- YOUR INSTRUCTIONS
From the line containing "(a) Position and" to the line containing "Entremeio Retangular branca" in the entries below, reproduce every line exactly, ends included. Nothing else belongs in the copy, and no pictures.

══ DATA PROVIDED

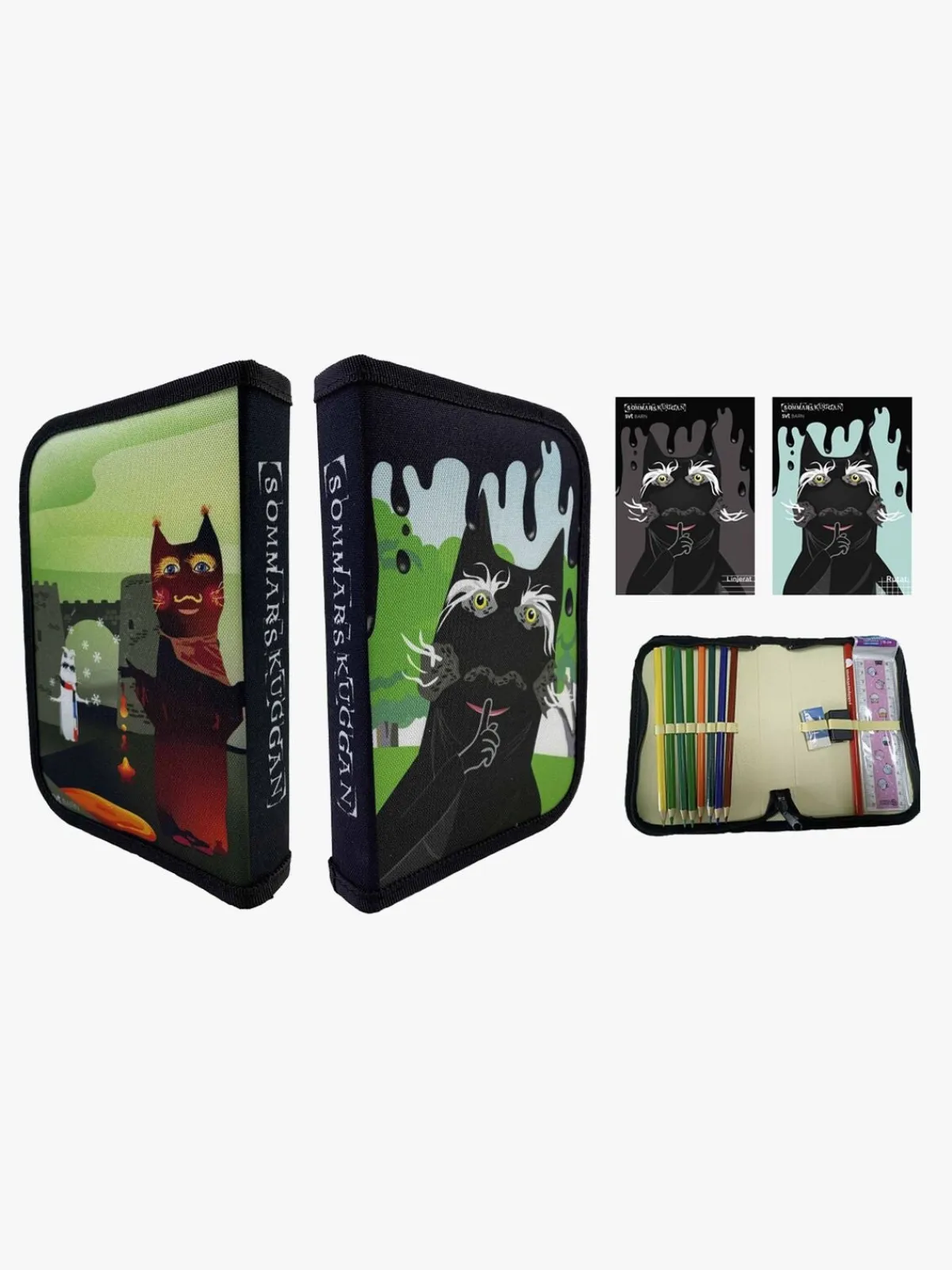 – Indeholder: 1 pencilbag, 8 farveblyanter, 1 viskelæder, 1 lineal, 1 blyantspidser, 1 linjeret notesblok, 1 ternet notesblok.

════
══ DATA PROVIDED

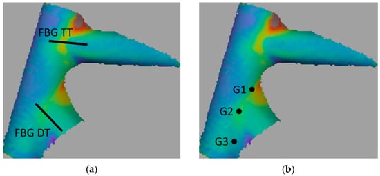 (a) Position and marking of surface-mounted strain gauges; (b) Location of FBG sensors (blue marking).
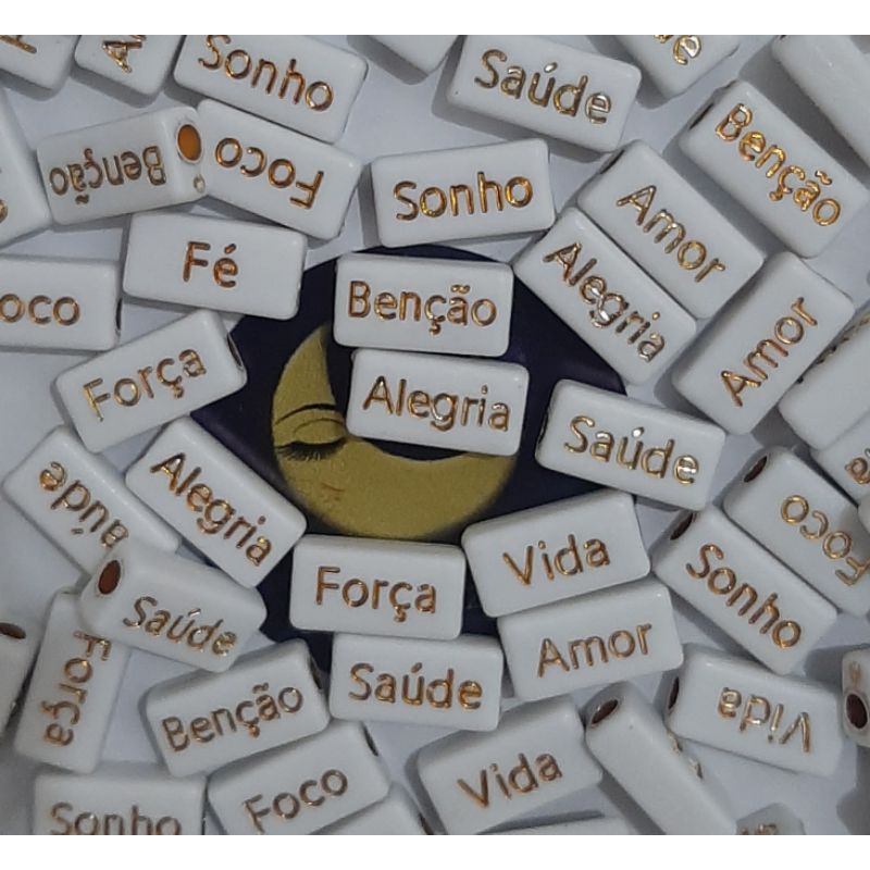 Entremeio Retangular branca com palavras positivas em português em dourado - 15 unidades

════

- RESULT FOR THIS EXERCISE
 (a) Position and marking of surface-mounted strain gauges; (b) Location of FBG sensors (blue marking).
 Entremeio Retangular branca com palavras positivas em português em dourado - 15 unidades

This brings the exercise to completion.